Construction of dual-generalized complex Fibonacci and Lucas quaternions

G.Y. Şentürk; N. Gürses; S. Yüce

doi:10.15330/cmp.14.2.406-418

G.Y. Şentürk Istanbul Gelişim University, 34310, Istanbul, Türkiye https://orcid.org/0000-0002-8647-1801
N. Gürses Yildiz Technical University, 34220, Istanbul, Türkiye https://orcid.org/0000-0001-8407-854X
S. Yüce Yildiz Technical University, 34220, Istanbul, Türkiye https://orcid.org/0000-0002-8296-6495

https://doi.org/10.15330/cmp.14.2.406-418

Keywords: quaternion, dual-generalized complex number, Fibonacci number, Lucas number

Published online: 2022-11-21

Abstract

The aim of this paper is to construct dual-generalized complex Fibonacci and Lucas quaternions.

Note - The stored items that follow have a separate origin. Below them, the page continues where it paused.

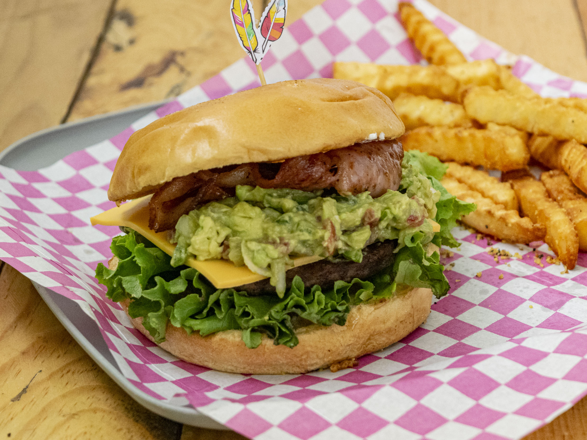 Deliciosa carne de res o pollo, con guacamole, tocino, queso amarillo, lechuga, jitomate y cebolla. En pan brioche. Acompañada con papas a la francesa.
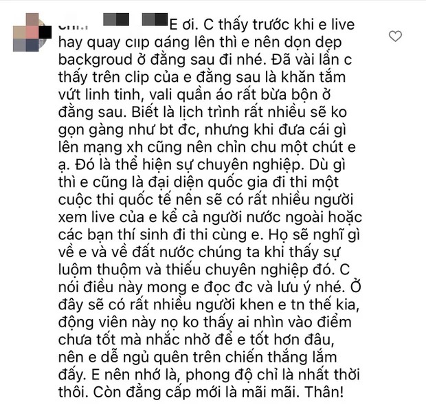 "Biết là lịch trình rất nhiều sẽ không gọn gàng như bình thường được nhưng khi đưa cái gì lên mạng xã hội cũng nên chỉn chu 1 chút em ạ. Đó là thể hiện sự chuyên nghiệp. Dù gì em cũng là đại diện 1 quốc gia đi một cuộc thi quốc tế nên nhiều người xem live của em. Em nên nhớ phong độ chỉ là nhất thời, đẳng cấp mới là mãi mãi", netizen nhắc nhở thẳng Đỗ Hà.
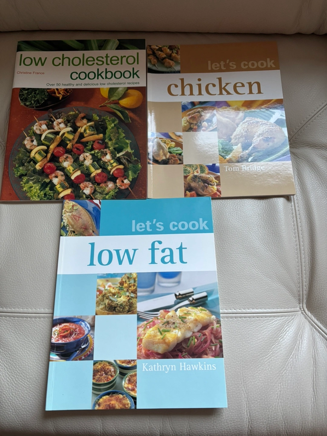 3 Cookbooks: Low Cholesterol, Cook Chicken, Let's Cook Low Fat
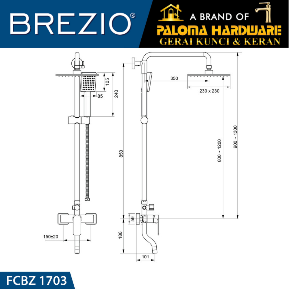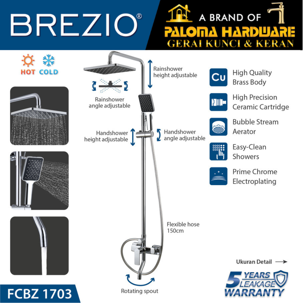Brezio Fcbz 1703 Keran Air Shower Tiang Set Mixer Panas Dingin Chrome
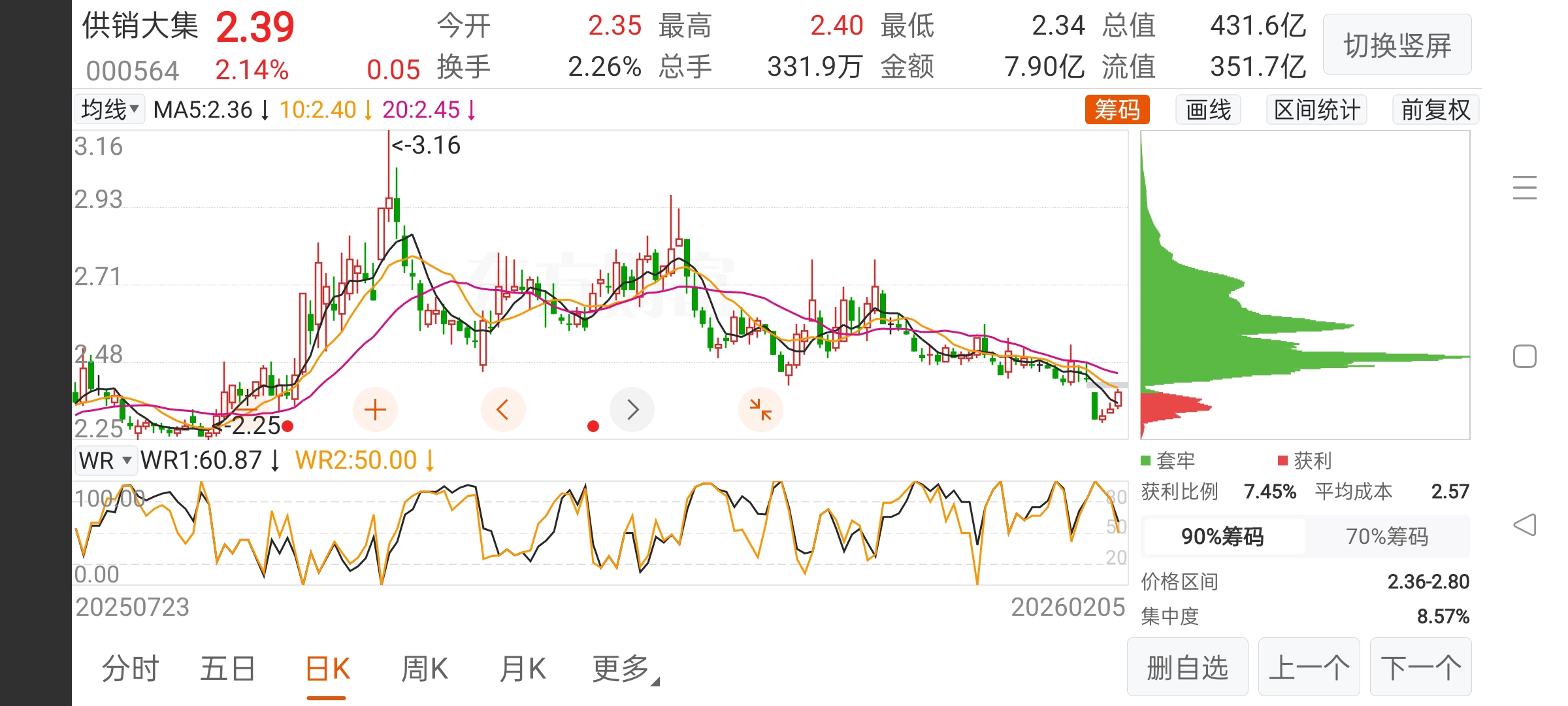 $供销大集(SZ000564)$ 看看筹码峰多少套牢的,期望不要太高……
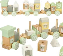 El set contiene 22 elementos de madera, incluidos 3 chasis, que los niños pueden combinar y montar libremente para crear trenes originales.
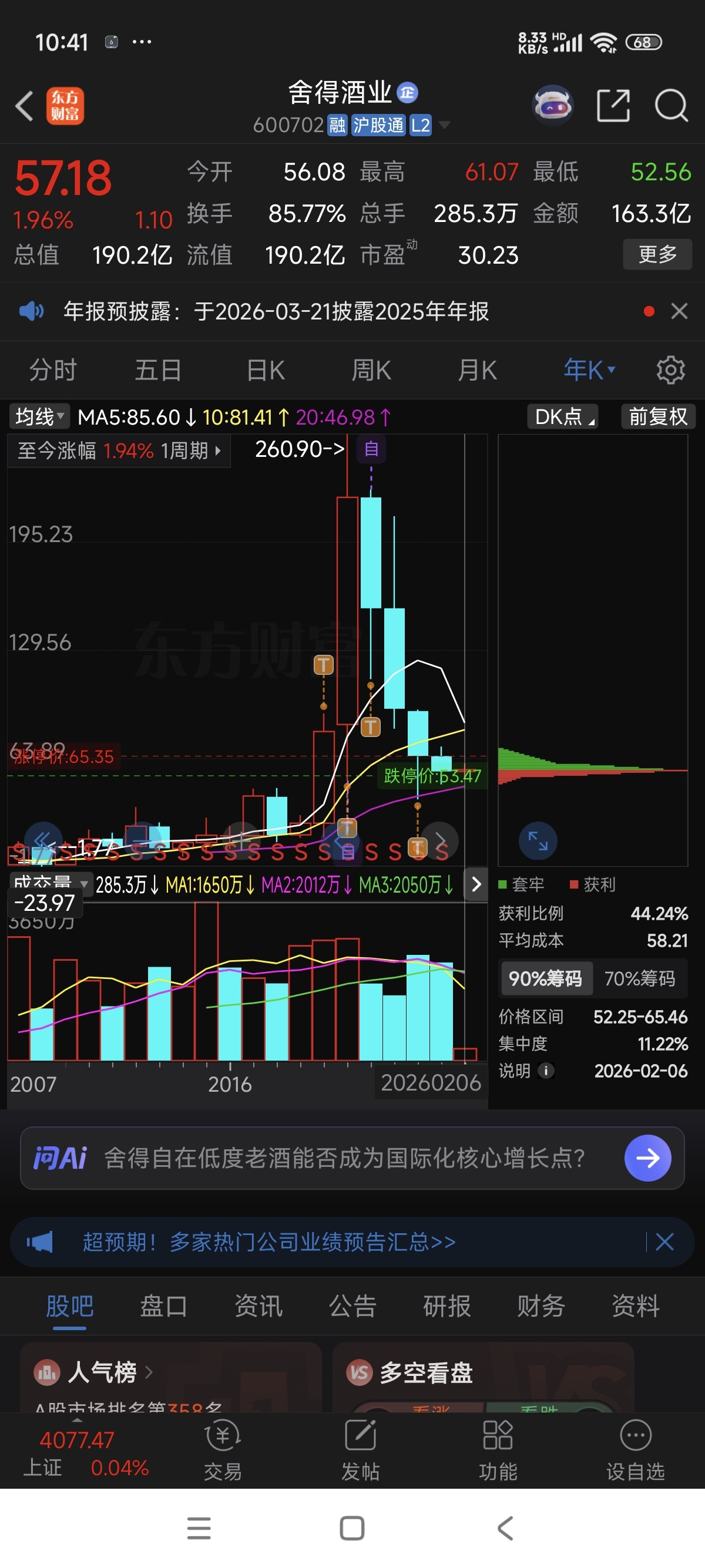 $舍得酒业(SH600702)$ 26年在跌30个点?
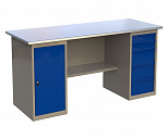 Верстак двухтумбовый поставляется в разобранном виде (4 элемента). Нагрузка на столешницу до 600 кг. Стандартный цвет: корпус - серый глянец RAL 7030, ящики и двери тумб - синий RAL 5017. Размеры:855x1400x700 мм. Масса: 111 кг.
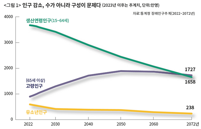 “큰 착각이다.” 인구학자인 이상림 한국보건사회연구원 인구모니터링센터장이 고개를 저었다. “의외로 많은 분들이 지금의 한국 사회 그대로 ‘사람 수’만 줄어드는 게 인구 감소라고 생각한다. 그래서 인구 감소가 나쁘지 않거나 적어도 자기 삶에 별 영향을 주지 않으리라 여긴다. 그러나 저출생과 고령화는 하나의 사건이다. 젊은 사람이 줄고 늙은 사람이 늘어나면서 인구가 줄어들기 때문에 문제가 되는 것이다.” 통계청 장래인구추계를 보면, 2022년 3674만명이던 생산연령인구(15~64세)는 50년 뒤인 2072년 1658만명으로 줄어든다. 반면 같은 기간 65세 이상 고령인구는 898만명에서 1727만명으로 늘어나 생산연령인구를 추월한다. 인구수가 줄어들 뿐만 아니라 구성 자체가 질적으로 달라진다(〈그림 1〉 참조).
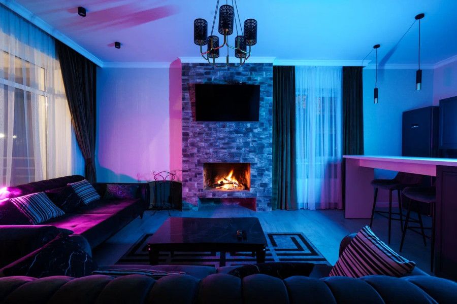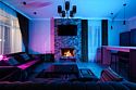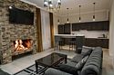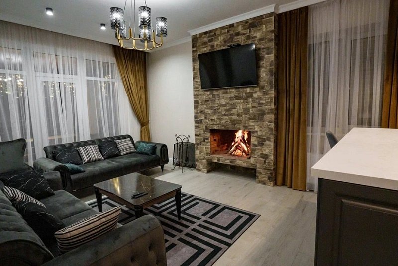 В гостиной зоне есть: телевизор, диван - раскладной, обеденный стол со стульями и настоящий камин.
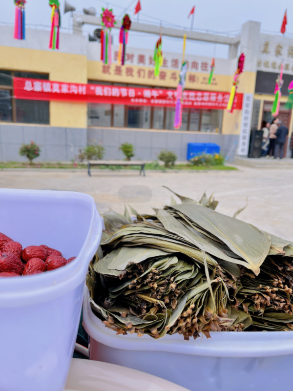 莫家沟村活动现场摆满了粽叶、糯米、白线等做粽子的新鲜食材。
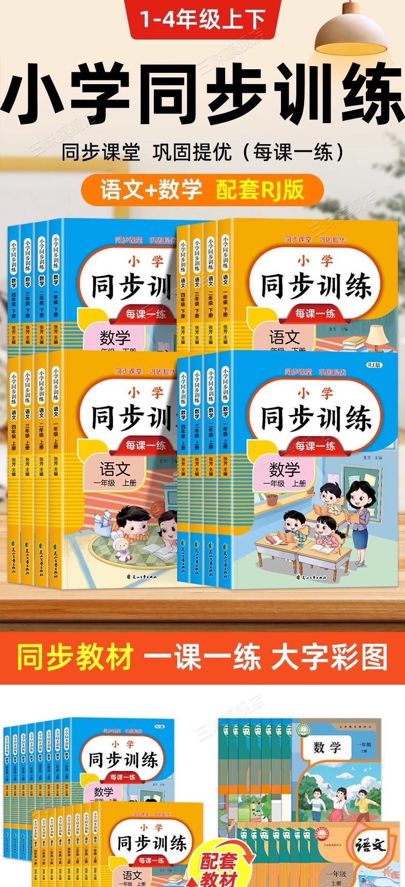 Primaria Chino, Matemáticas e Inglés Entrenamiento Sincrónico para Grados 1-4, Volumen 1 y 2, Edición Educación del Pueblo Ejercicios Sincrónicos, Una Lección y Una Práctica
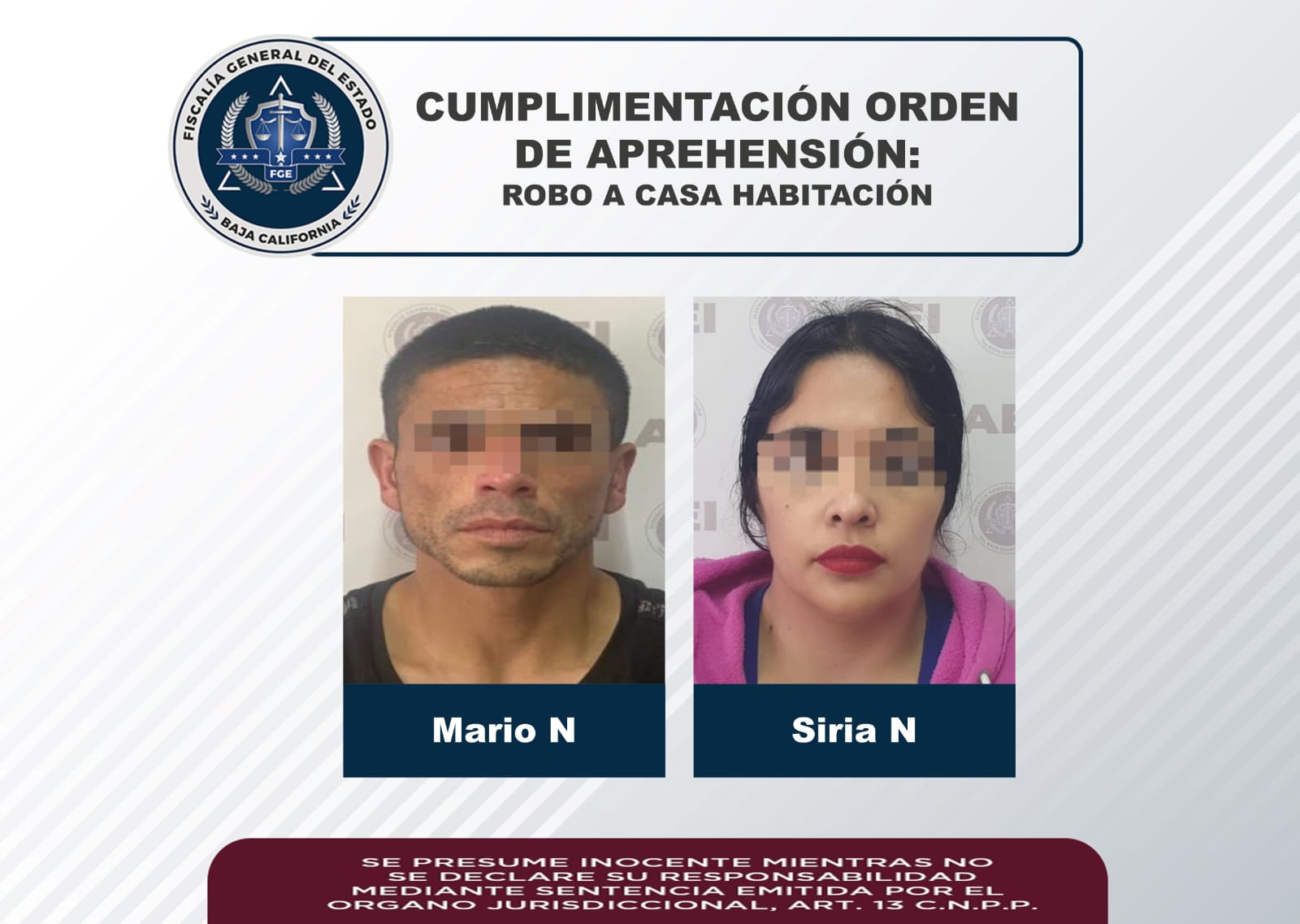 ENSENADA, B.C. Por estar presuntamente involucrados en robos a casa habitación en el puerto, agentes de la Fiscalía General del Estado (FGE), cumplimentaron las órdenes de aprehensión en contra de Mario “N” y Siria “N”.
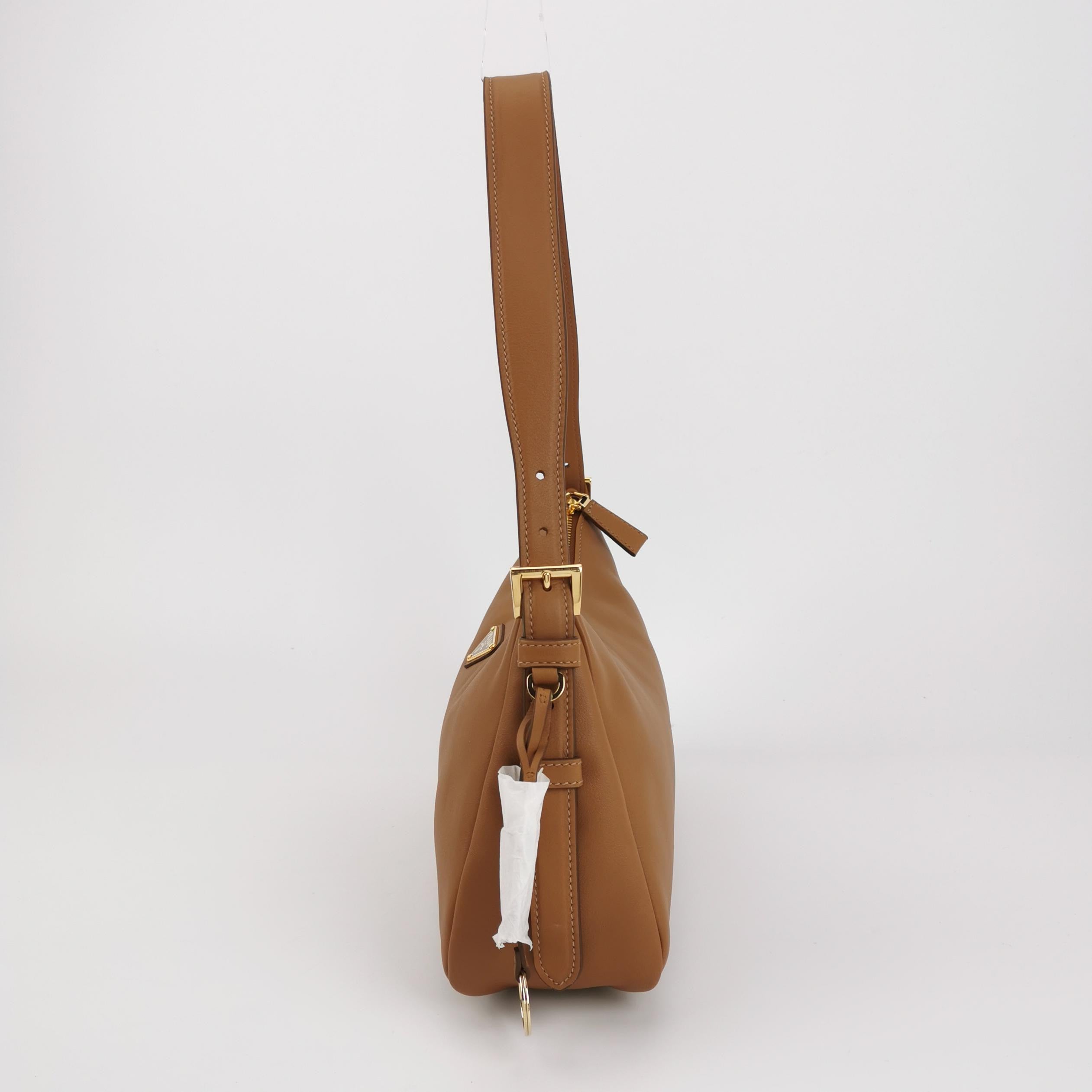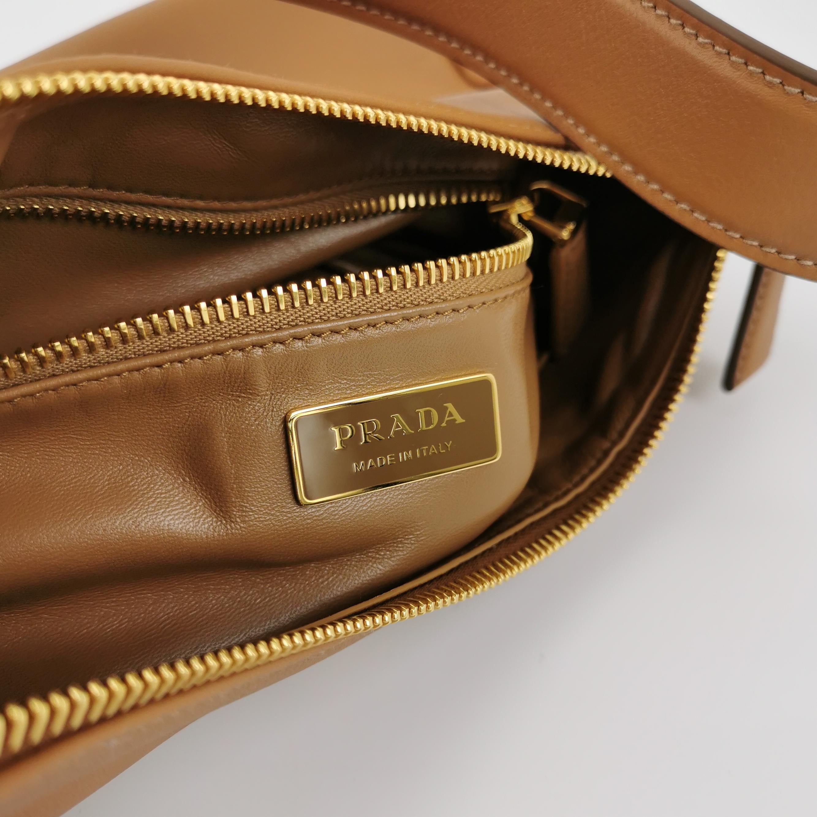 Prada Aimée Tan Brown Medium Calfskin Leather Shoulder Bag
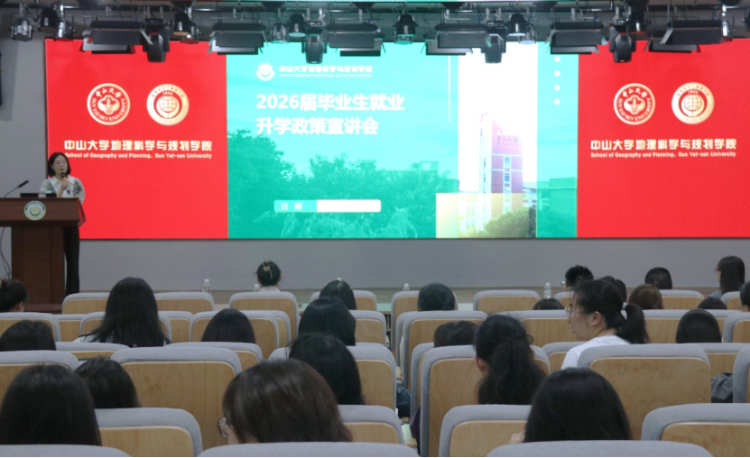 为加强毕业生升学就业指导,提高升学就业质量,我院于4月25日晚在学院A104讲学厅举行2026届毕业生就业升学政策宣讲会。学院党委张春华副书记、院长助理黄耿志教授、2026届毕业班班主任梁育填教授、刘南丰副教授、许晓聪副教授、谭一洺副教授、团委姜帆书记老师以及2026届全体本科毕业生参会,会议由张春华副书记主持。

It examines the properties both as dual-generalized complex number and as quaternion. Additionally, general recurrence relations, Binet's formulas, Tagiuri's (or Vajda's like), Honsberger's, d'Ocagne's, Cassini's and Catalan's identities are obtained. A series of matrix representations of these special quaternions is introduced. Finally, the multiplication of dual-generalized complex Fibonacci and Lucas quaternions are also expressed as their different matrix representations.